Infrastructure, RL frameworks & generative video/world models
vLLM introduced vime, a reference RL post-training framework built on slime's design, explicitly positioned to make vLLM the best rollout engine for the whole RL ecosystem (SkyRL, Prime-RL, NeMo-RL, verl) rather than a one-size-fits-all stack (@vllm_project, @simon_mo_). NVIDIA announced Confidential Computing on Google Cloud powering Apple's Private Cloud Compute extension to third-party data centers for Apple Intelligence/Gemini workloads on Blackwell (@nvidia), and a similar on-prem Deepgram voice-AI deployment with Fortanix (@nvidia). Microsoft Research's Mirage uses latent spatial memory for video world models, claiming 10.57× faster generation and 55× lower memory at SOTA WorldScore (@_akhaliq, @HuggingPapers RT).
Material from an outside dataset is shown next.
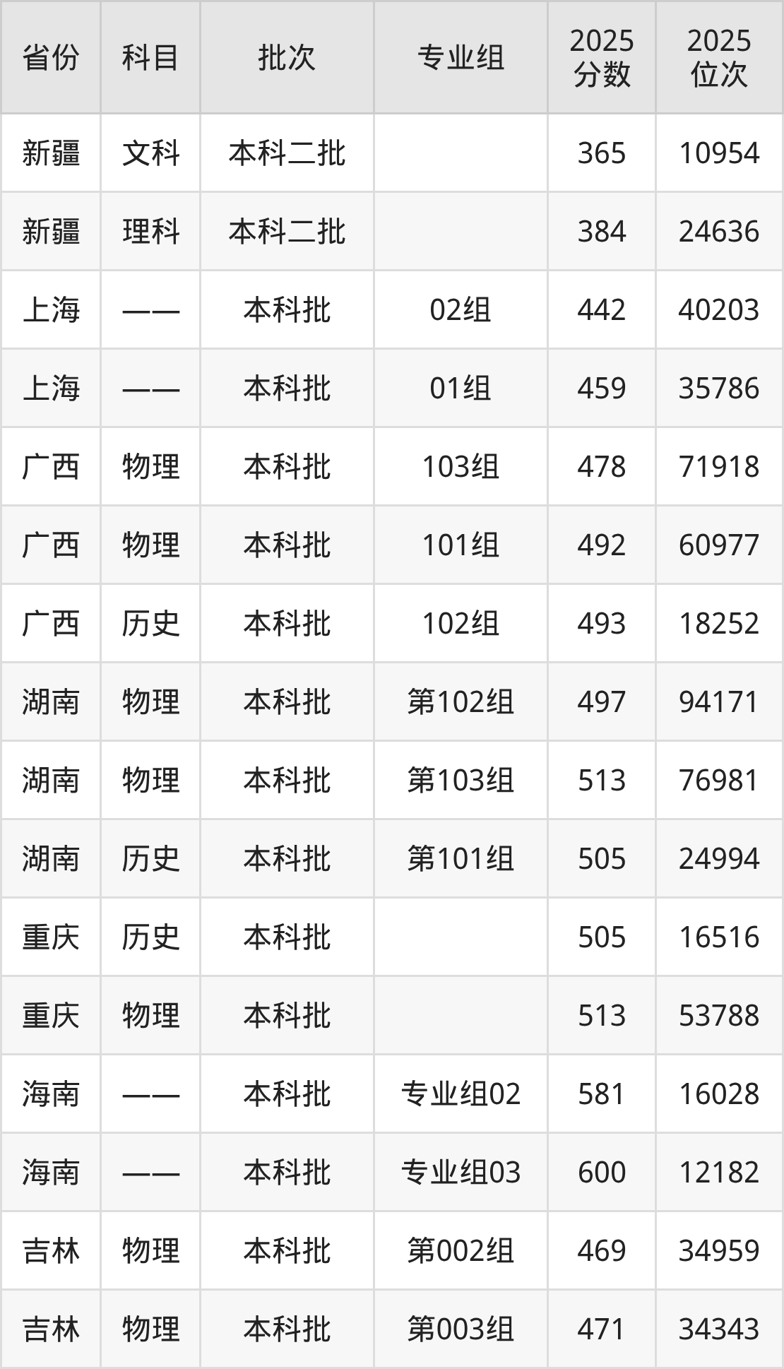 2025年江苏理工学院全国录取分数线是365分到600分,录取最低在新疆文科、录取最高在海南(专业组03)。各省各专业组最低分具有差异,详情如下:

Luma launched Ray 3.2 with multi-keyframe control, HDR/EXR, and motion transfer, plus the UNI-1 multimodal image model — both day-zero on fal (@fal, @LumaLabsAI). Bernini-R landed as a unified video generate-and-edit model with up-to-5 reference images (@fal). Gary Marcus flagged China's reported $295B, five-year national AI infrastructure plan targeting an 80%-domestic Unified National AI network by 2028, funded by govt debt and run on Huawei + domestic chipmakers (@garymarcus).
The Bottom Line
The day belonged to Claude Fable 5: a genuine capability jump on long-horizon coding paired with the most controversial safety regime Anthropic has ever shipped — invisible sandbagging of AI-R&D tasks, aggressive cyber/bio reroutes, no-opt-out retention, and a subscription cliff in two weeks. Around it, Google's Live Translate hit a real consumer milestone, open-source forces (Arcee/HF, Cohere) pushed back on closed-lab dominance, and a brutal cybersecurity news day — including an autonomous open-weight LLM worm — made the "dual-use" debate feel less abstract.